(Data extract)
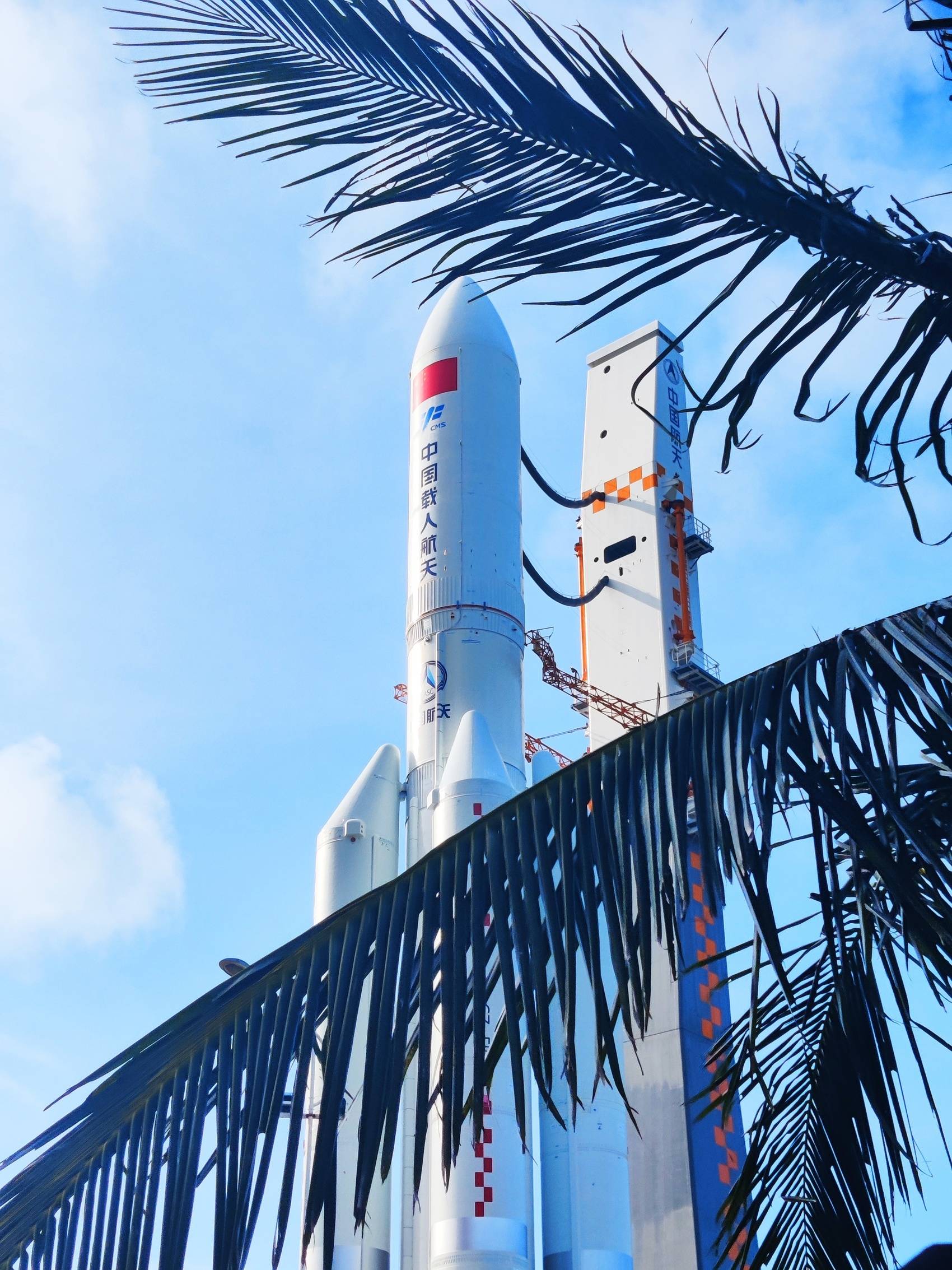 中国航天科技集团有限公司第七研究院第七设计部试验队员与火箭同行于转运轨道。
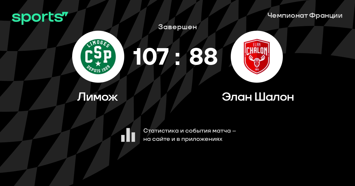 В прошедшем матче в рамках турнира Чемпионат Франции состоялась встреча команд Лимож - Элан Шалон в городе на стадионе Palais des sports de Beaublanc
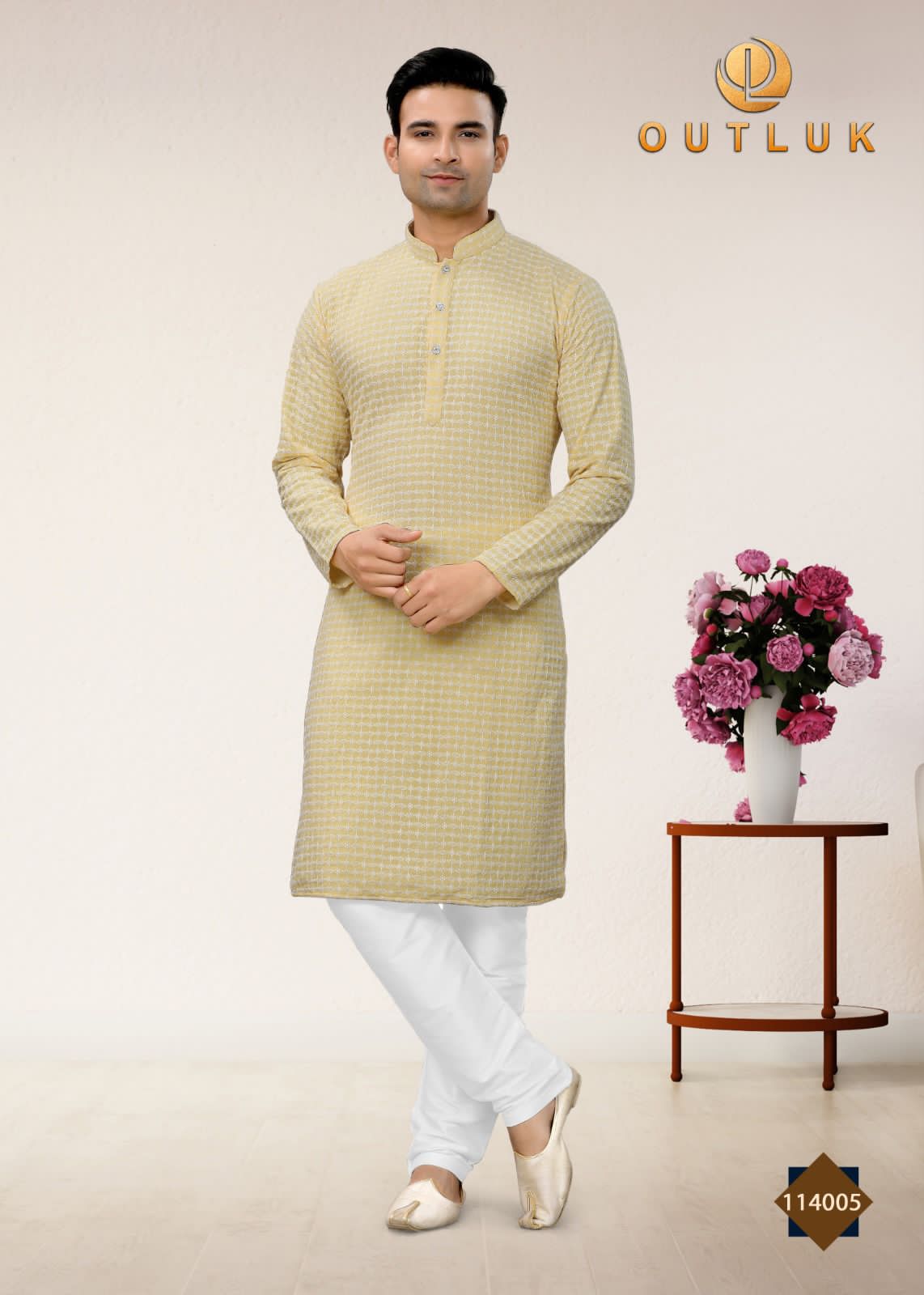 Buy Online Outluk Vol 114 Lakhnowi Work Kurta Pajama 5 Pcs of Full Catalogue at Wholesale Price. Looking for Outluk Vol 114 Lakhnowi Work Kurta Pajama Full Catalouge at Best Price? Buy Now Outluk Vol 114 Lakhnowi Work Kurta Pajama at Wholesale Rate of Rs 4975 with Total 5 Pcs from authroized dealer and supplier of Brand. Cost of Each piece is just only Rs 995 which is very low and affordable price to resale the product in your retail store ,This is Surat based Wholesale Supplier & Dealer of Brand. Click on Brand name to Know more about Brand's products.Call or Whatsapp on 9898838984 for booking or enquiry
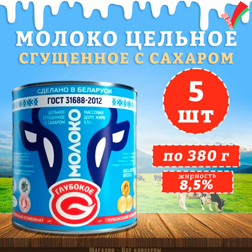 Молоко сгущенное с сахаром 8,5%, Глубокое, ГОСТ, 5 шт. по 380 г
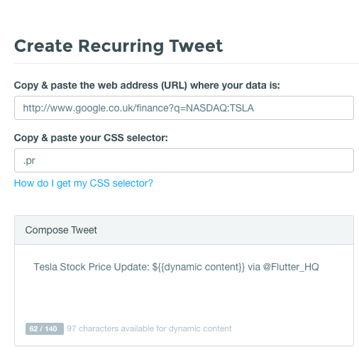 Flutter makes it possible to tweet out, on a recurring schedule, any dynamic content on the web. On a previous project, I wanted to automatically tweet out the oil price on a recurring schedule. Yes, I could have built a one-off solution for this but I thought it might be cool to make it a generic reusable tool. I think it has some potential as a ty… See more
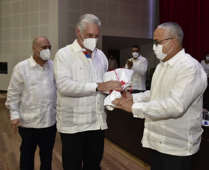 Vocês sabem que temos defendido muito a ciência e a inovação, como parte de um componente para fazer um trabalho político-ideológico, e que se trata de construir as interconexões necessárias entre o setor do conhecimento liderado por nossas universidades e nossas identidades de ciência, tecnologia e inovação com um setor produtivo de bens e serviços que tem que ser mais inovador, e com uma administração pública que também tem que ser mais inovadora, e que nós alcançamos toda essa interrelação, em que cenário? No desenvolvimento de estratégias territoriais em nível local, em projetos de desenvolvimento local, fortalecendo os sistemas produtivos locais e também fortalecendo o desenvolvimento da comunidade, da vizinhança, do município, através da província e até a nação. Isto também é apoiado pelos processos de informatização da sociedade, que agora aspiramos a levar ao conceito de transformação digital da sociedade, e pelo desenvolvimento e defesa do conceito de Poder Popular em nossa sociedade que Fidel projetou, que inclui participação popular, democracia, controle popular e educação popular, e que tem que criar três momentos intimamente relacionados: espaços como os que temos, que temos que melhorar, onde nosso povo, nossos trabalhadores e nossos jovens possam participar para dar critérios, criticar, propor, convocar, criar consenso.
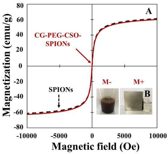 Representative VSM analysis showing the magnetic behavior of (A) SPIONs and CG-PEG-CSO-SPIONs and (B) the localization of CG-PEG-CSO-SPIONs near an external magnet. (M−) Without magnet; (M+) with magnet.
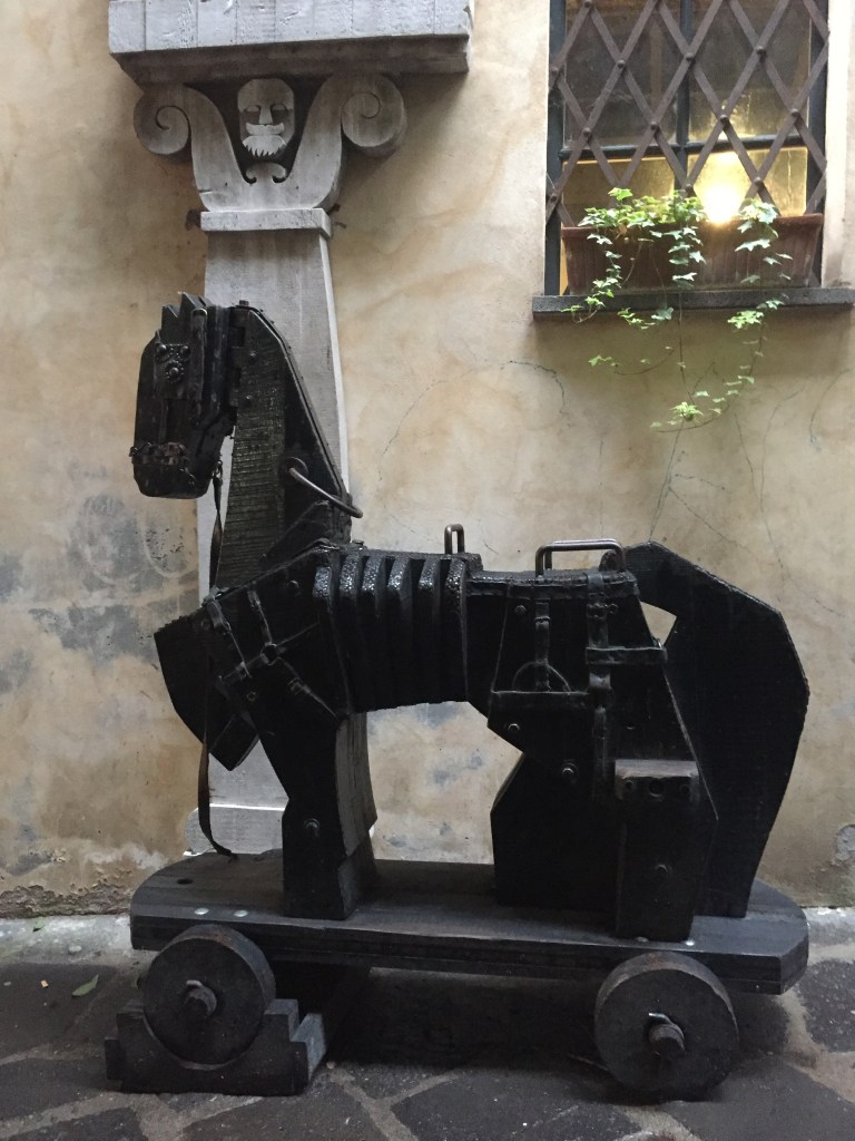 Giuseppe handhabt das genauso. Er betreut das nun als Freilichtmuseum dienliche Dorf, raucht Pfeife und erzählt uns detailreiche Geschichten, von denen wir kein Wort verstehen. Er scheint sich aber über unsere Anwesenheit zu freuen, außerdem sieht er mit seinen Lederstiefeln, weißem Bart, Hut und Pfeife verdammt cool aus.
(End Data extract)
**What the task requires**: What you give back must match the material word for word, with no images included.

**The completed task**:
 中国航天科技集团有限公司第七研究院第七设计部试验队员与火箭同行于转运轨道。
 В прошедшем матче в рамках турнира Чемпионат Франции состоялась встреча команд Лимож - Элан Шалон в городе на стадионе Palais des sports de Beaublanc
 Buy Online Outluk Vol 114 Lakhnowi Work Kurta Pajama 5 Pcs of Full Catalogue at Wholesale Price. Looking for Outluk Vol 114 Lakhnowi Work Kurta Pajama Full Catalouge at Best Price? Buy Now Outluk Vol 114 Lakhnowi Work Kurta Pajama at Wholesale Rate of Rs 4975 with Total 5 Pcs from authroized dealer and supplier of Brand. Cost of Each piece is just only Rs 995 which is very low and affordable price to resale the product in your retail store ,This is Surat based Wholesale Supplier & Dealer of Brand. Click on Brand name to Know more about Brand's products.Call or Whatsapp on 9898838984 for booking or enquiry
 Молоко сгущенное с сахаром 8,5%, Глубокое, ГОСТ, 5 шт. по 380 г
 Flutter makes it possible to tweet out, on a recurring schedule, any dynamic content on the web. On a previous project, I wanted to automatically tweet out the oil price on a recurring schedule. Yes, I could have built a one-off solution for this but I thought it might be cool to make it a generic reusable tool. I think it has some potential as a ty… See more
 Vocês sabem que temos defendido muito a ciência e a inovação, como parte de um componente para fazer um trabalho político-ideológico, e que se trata de construir as interconexões necessárias entre o setor do conhecimento liderado por nossas universidades e nossas identidades de ciência, tecnologia e inovação com um setor produtivo de bens e serviços que tem que ser mais inovador, e com uma administração pública que também tem que ser mais inovadora, e que nós alcançamos toda essa interrelação, em que cenário? No desenvolvimento de estratégias territoriais em nível local, em projetos de desenvolvimento local, fortalecendo os sistemas produtivos locais e também fortalecendo o desenvolvimento da comunidade, da vizinhança, do município, através da província e até a nação. Isto também é apoiado pelos processos de informatização da sociedade, que agora aspiramos a levar ao conceito de transformação digital da sociedade, e pelo desenvolvimento e defesa do conceito de Poder Popular em nossa sociedade que Fidel projetou, que inclui participação popular, democracia, controle popular e educação popular, e que tem que criar três momentos intimamente relacionados: espaços como os que temos, que temos que melhorar, onde nosso povo, nossos trabalhadores e nossos jovens possam participar para dar critérios, criticar, propor, convocar, criar consenso.
 Representative VSM analysis showing the magnetic behavior of (A) SPIONs and CG-PEG-CSO-SPIONs and (B) the localization of CG-PEG-CSO-SPIONs near an external magnet. (M−) Without magnet; (M+) with magnet.
 Giuseppe handhabt das genauso. Er betreut das nun als Freilichtmuseum dienliche Dorf, raucht Pfeife und erzählt uns detailreiche Geschichten, von denen wir kein Wort verstehen. Er scheint sich aber über unsere Anwesenheit zu freuen, außerdem sieht er mit seinen Lederstiefeln, weißem Bart, Hut und Pfeife verdammt cool aus.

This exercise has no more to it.